Email Cluster A Status
Degraded
Currently, 50% of customer mailboxes on this cluster are fully available and those customers are able to send and receive email normally. Additionally, forward-only and filter-only accounts are also functioning and mail is being delivered. However, some filter-only users will be unable to log into the Spam quarantine.
The remaining 50% of customer mailboxes are offline and those users have no access to their mailboxes. Those customers are unable to send or receive mail at this time. Inbound mail is being queued for these customers and will be delivered once service is restored. Affected users logging into webmail may see a "Service Unavailable" error message. Users with email clients will not be able to send or receive new mail. They will receive timeout errors.
As anticipated, upon completion of the rebuild of the first affected mailstore, it was determined that we should not restore full service to those users. Restoring service for those users while the other mailstores were being rebuilt would have had too great an impact on the service overall.
Rebuilding of the other affected mailstores is continuing. The current estimate for completion of the rebuild for those remaining mailstores remains 10 P.M. EST.
We will keep you updated. The next update will be provided at approximately 4:30 P.M. EST.
Additionally, we have some more detailed information for you on the nature of the fault that led to this incident:
Q: What happened to cause this degradation?
A: During our scheduled maintenance, the firmware upgrade of our NetApp caused a failure of a controlling disk head in the storage pool.
Q. Why didn't you just rollback the firmware upgrade?

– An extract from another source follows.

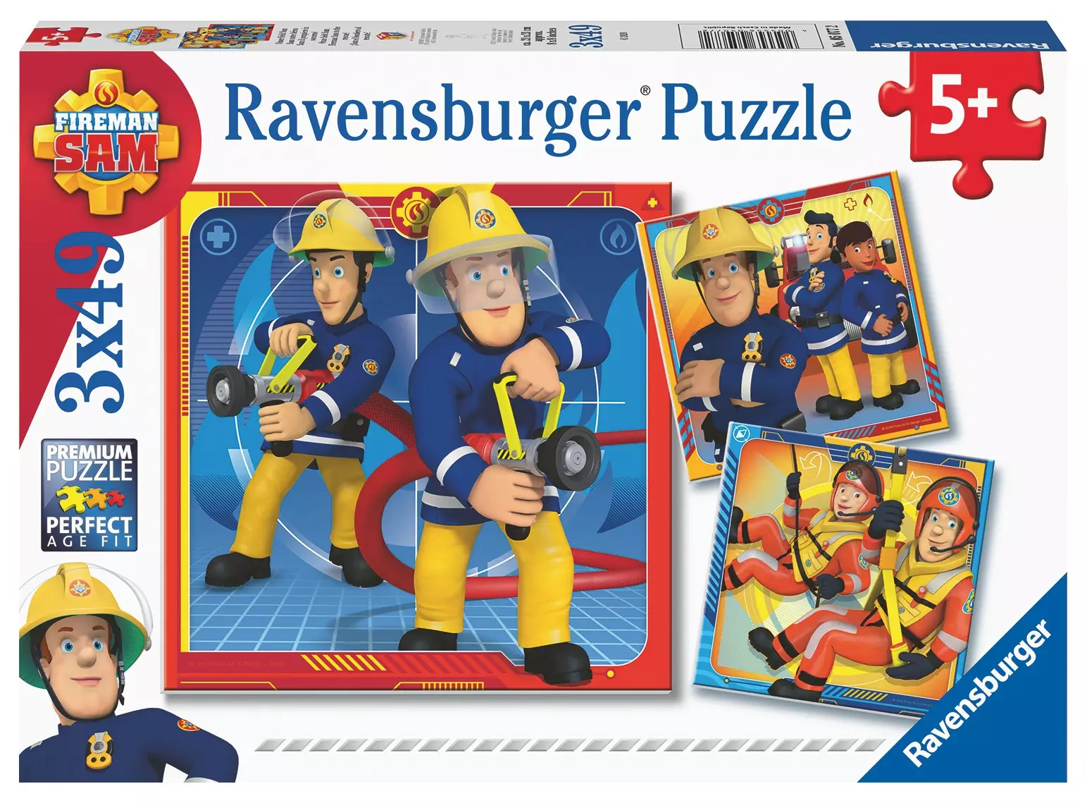 Fireman Sam To The Rescue -palapeli! Pakkauksessa on kolme palapeliä, joissa kussakin on 49 palaa.

A: During the firmware upgrade, a number of disks became marked as 'bad', triggering a RAID level rebuild by the system. Once this rebuild is triggered, it must complete. Restoring to the previous firmware would do nothing to change this situation. Exactly why the firmware update triggered this rebuild is not known. We are working with NetApp to determine a root cause. We have performed many dozens of firmware upgrades to this type of module in many other filers of the same model in the past, and have never experienced a similar result.
Q: Is this related to the Cluster 'A' service interruptions you experienced last year?
A: We were upgrading the firmware on the NetApp storage devices to address issues related to last year's service interruptions. We tested the firmware upgrade and had previously upgraded firmware like this with no issue. We are working with NetApp to investigate why both disk heads reacted to cause a rebuild. We will provide you with a full incident summary when we have those answers.
This update is related to Incident 4743